Stored data:
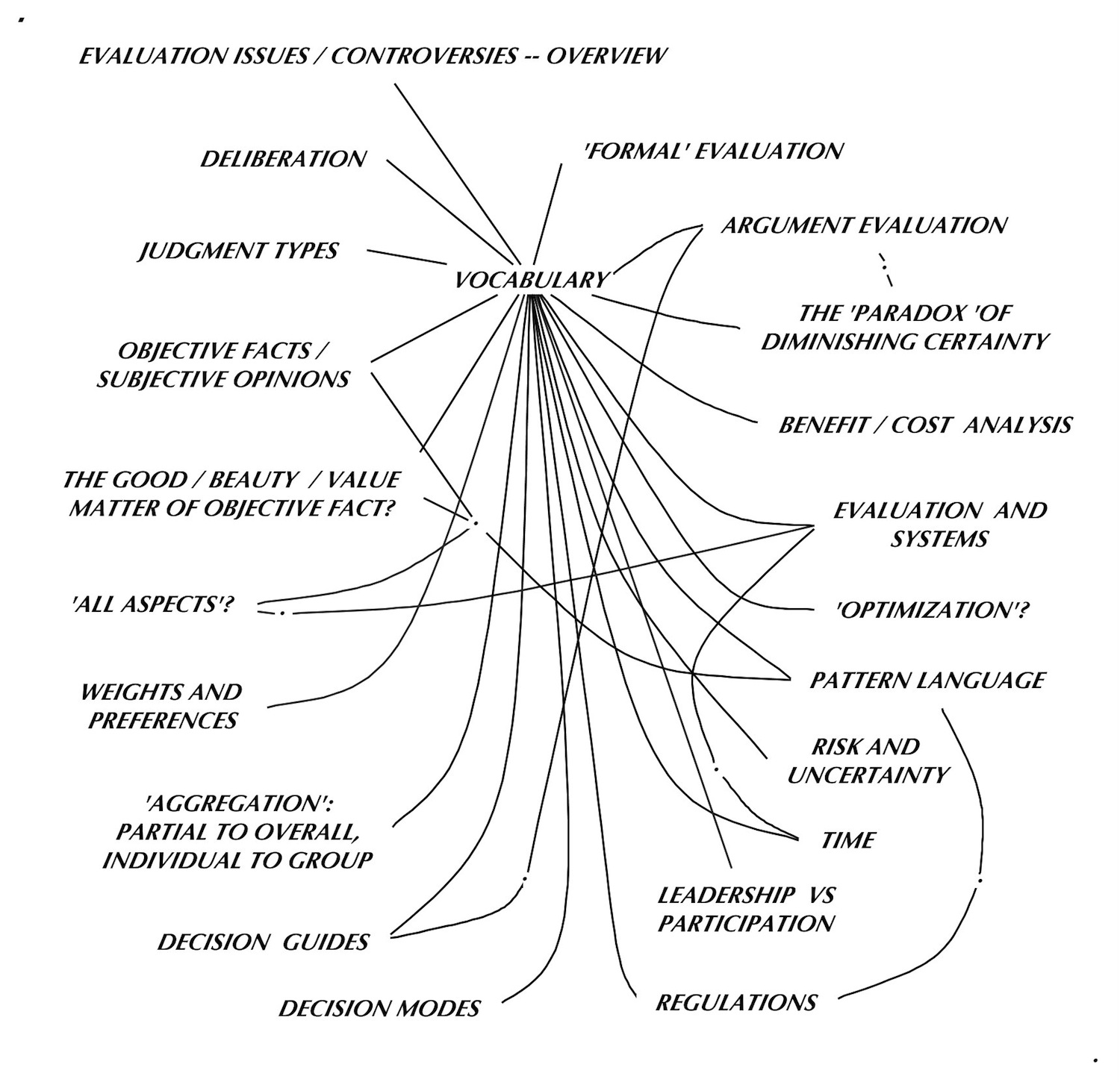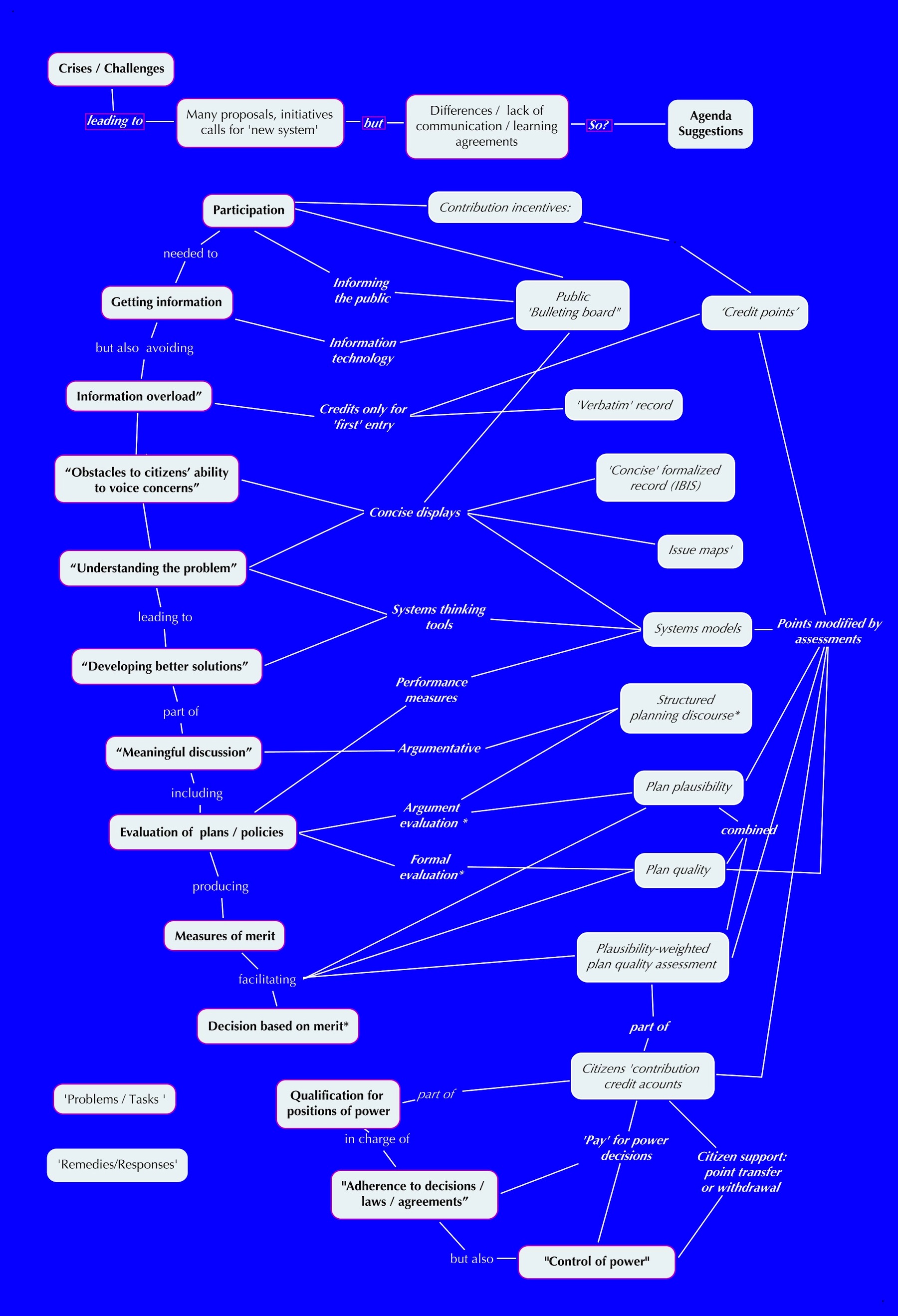 – Fine. Where were we? Okay. With a little help from our computers, we have calculated the overall judgment scores for the proposed plan, from all the personal scores of discourse participants. And along the way, the computer has stored and used all the judgment scores for the set of argument premises that the participants have made. So we can also calculate the group scores for each premise judgment, don’t you see? And that would be one way to express the value, the merit of that piece of information in the opinion of that group. So now the original contribution credit can be adjusted up or down according to that score.
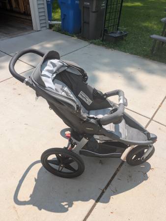 Graco Jogger Stroller System for sale. This jogging stroller comes with a clip in carrier for infants and two car seat bases for the carrier to clip into. Everything was manufactured in 2020 and has plenty of useful life left. Nothing was involved in an accident and is in good used condition. This is an older model that is no longer available on Amazon but the link below is to either same or very similar model. I washed the carrier on a sanitizing setting. The stroller folds pretty flat. The bigger wheels make it very smooth and easy to push while walking or jogging. Our kids loved it but have outgrown it.
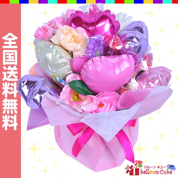 ピンクドットハートとキャンディ 小粒タイプ キャンディブーケ バルーン ギフト NO.7137b
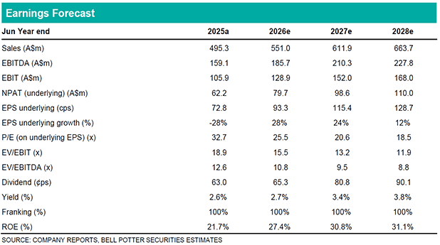 We factor in the upgraded guidance via our ANZ estimates and incorporate some further operating leverage. Our revised revenue estimates see ANZ +11% on pcp in 1H/FY26e, while UK +16% on pcp in FY26e. We now sit at the mid-point of the revenue growth and NPAT guidance range for 1H26e, however our 2H26e forward estimates unchanged. Our NPAT forecasts are upgraded by ~4% for FY26/27/28e.
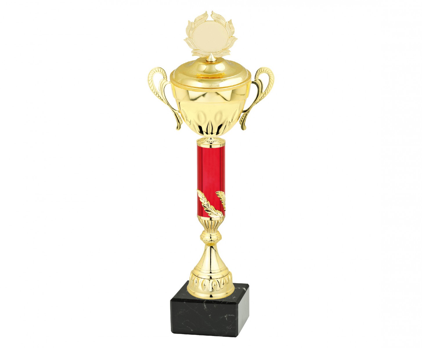 Barva zlatá, výška s víkem 53 cm, velikost kalichu 140 mm s terčem 50 mm, barva nohy červená. Maximální velikost potisku štítku na podstavec je 95 x 45 mm.

▶ _Required work_:
Write out exactly the lines from the one containing "We factor in" through the last line of the records above, both ends included, and leave out any pictures.

▶ _Response to this exercise_:
 We factor in the upgraded guidance via our ANZ estimates and incorporate some further operating leverage. Our revised revenue estimates see ANZ +11% on pcp in 1H/FY26e, while UK +16% on pcp in FY26e. We now sit at the mid-point of the revenue growth and NPAT guidance range for 1H26e, however our 2H26e forward estimates unchanged. Our NPAT forecasts are upgraded by ~4% for FY26/27/28e.
 Barva zlatá, výška s víkem 53 cm, velikost kalichu 140 mm s terčem 50 mm, barva nohy červená. Maximální velikost potisku štítku na podstavec je 95 x 45 mm.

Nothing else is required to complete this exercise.